Given data
━━━━━━━━━━━━━━━━

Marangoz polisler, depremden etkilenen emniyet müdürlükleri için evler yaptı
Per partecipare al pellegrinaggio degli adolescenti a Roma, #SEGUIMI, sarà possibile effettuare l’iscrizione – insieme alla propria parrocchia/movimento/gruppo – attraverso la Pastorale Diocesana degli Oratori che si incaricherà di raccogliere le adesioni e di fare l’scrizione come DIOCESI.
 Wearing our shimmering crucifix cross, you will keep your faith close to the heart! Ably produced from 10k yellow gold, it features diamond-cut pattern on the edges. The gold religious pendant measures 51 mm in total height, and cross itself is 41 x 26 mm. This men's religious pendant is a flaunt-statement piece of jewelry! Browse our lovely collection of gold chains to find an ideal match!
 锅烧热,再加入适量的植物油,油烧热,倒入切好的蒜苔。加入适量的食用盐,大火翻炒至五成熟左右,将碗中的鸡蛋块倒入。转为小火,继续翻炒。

━━━━━━━━━━━━━━━━

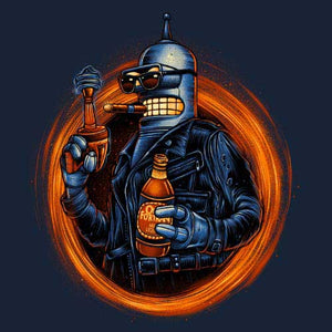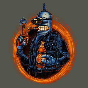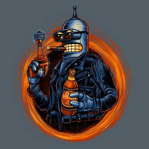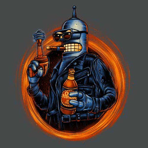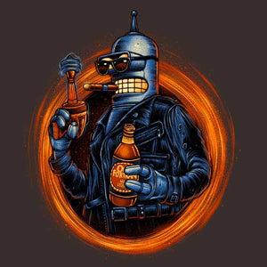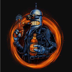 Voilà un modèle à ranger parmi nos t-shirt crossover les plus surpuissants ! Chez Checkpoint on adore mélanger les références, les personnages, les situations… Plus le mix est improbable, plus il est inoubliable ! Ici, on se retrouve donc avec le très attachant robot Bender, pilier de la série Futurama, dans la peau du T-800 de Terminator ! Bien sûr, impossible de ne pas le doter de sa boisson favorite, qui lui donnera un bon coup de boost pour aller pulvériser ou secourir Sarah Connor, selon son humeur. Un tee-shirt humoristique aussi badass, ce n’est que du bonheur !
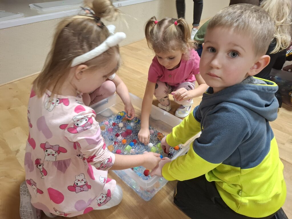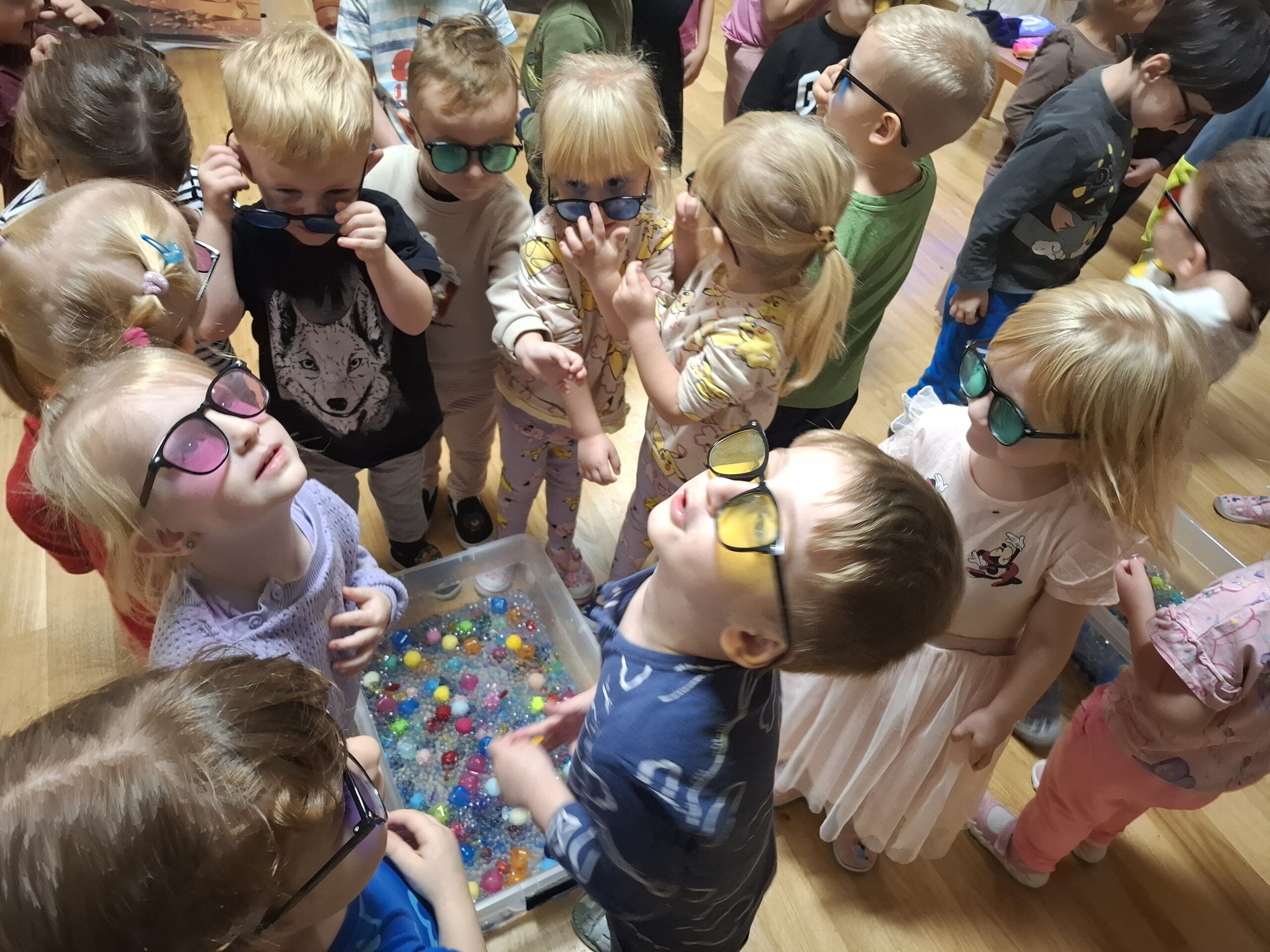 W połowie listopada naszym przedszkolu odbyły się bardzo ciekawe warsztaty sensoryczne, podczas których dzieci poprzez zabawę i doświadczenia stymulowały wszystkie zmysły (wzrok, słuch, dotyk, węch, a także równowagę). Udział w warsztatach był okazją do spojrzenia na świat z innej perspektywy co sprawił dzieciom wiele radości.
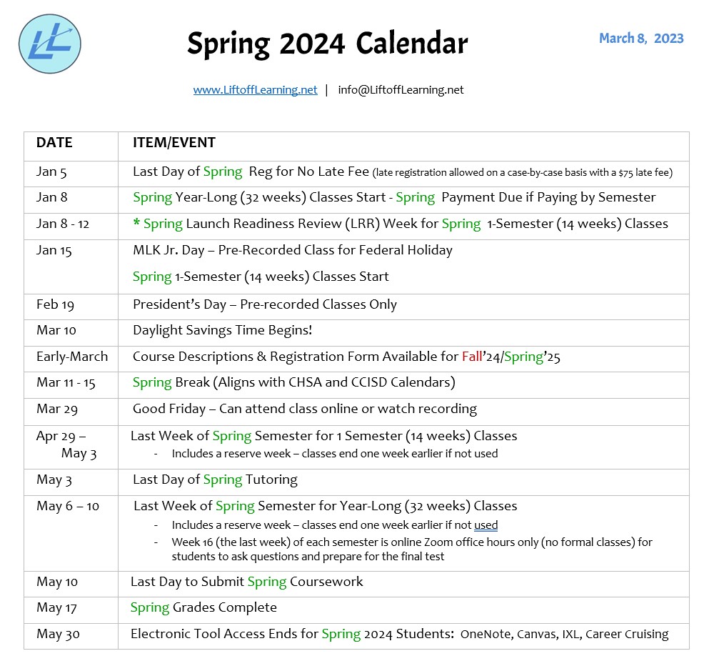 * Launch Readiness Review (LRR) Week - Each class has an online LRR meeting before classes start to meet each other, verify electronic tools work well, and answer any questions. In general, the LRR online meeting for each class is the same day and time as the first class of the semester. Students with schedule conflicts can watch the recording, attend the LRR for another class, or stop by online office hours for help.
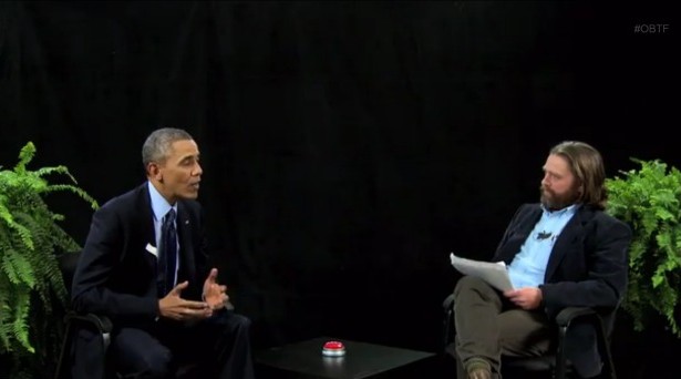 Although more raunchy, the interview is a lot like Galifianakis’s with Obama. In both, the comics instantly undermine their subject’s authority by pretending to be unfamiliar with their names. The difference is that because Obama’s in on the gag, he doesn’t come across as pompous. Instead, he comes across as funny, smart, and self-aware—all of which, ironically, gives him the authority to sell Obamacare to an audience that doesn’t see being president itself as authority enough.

━━━━━━━━━━━━━━━━

Task statement
The required output is every line above from the one with "Marangoz polisler, depremden" down to the one with "锅烧热,再加入适量的植物油,油烧热,倒入", restated word for word, ends included.

Output below
Marangoz polisler, depremden etkilenen emniyet müdürlükleri için evler yaptı
Per partecipare al pellegrinaggio degli adolescenti a Roma, #SEGUIMI, sarà possibile effettuare l’iscrizione – insieme alla propria parrocchia/movimento/gruppo – attraverso la Pastorale Diocesana degli Oratori che si incaricherà di raccogliere le adesioni e di fare l’scrizione come DIOCESI.
 Wearing our shimmering crucifix cross, you will keep your faith close to the heart! Ably produced from 10k yellow gold, it features diamond-cut pattern on the edges. The gold religious pendant measures 51 mm in total height, and cross itself is 41 x 26 mm. This men's religious pendant is a flaunt-statement piece of jewelry! Browse our lovely collection of gold chains to find an ideal match!
 锅烧热,再加入适量的植物油,油烧热,倒入切好的蒜苔。加入适量的食用盐,大火翻炒至五成熟左右,将碗中的鸡蛋块倒入。转为小火,继续翻炒。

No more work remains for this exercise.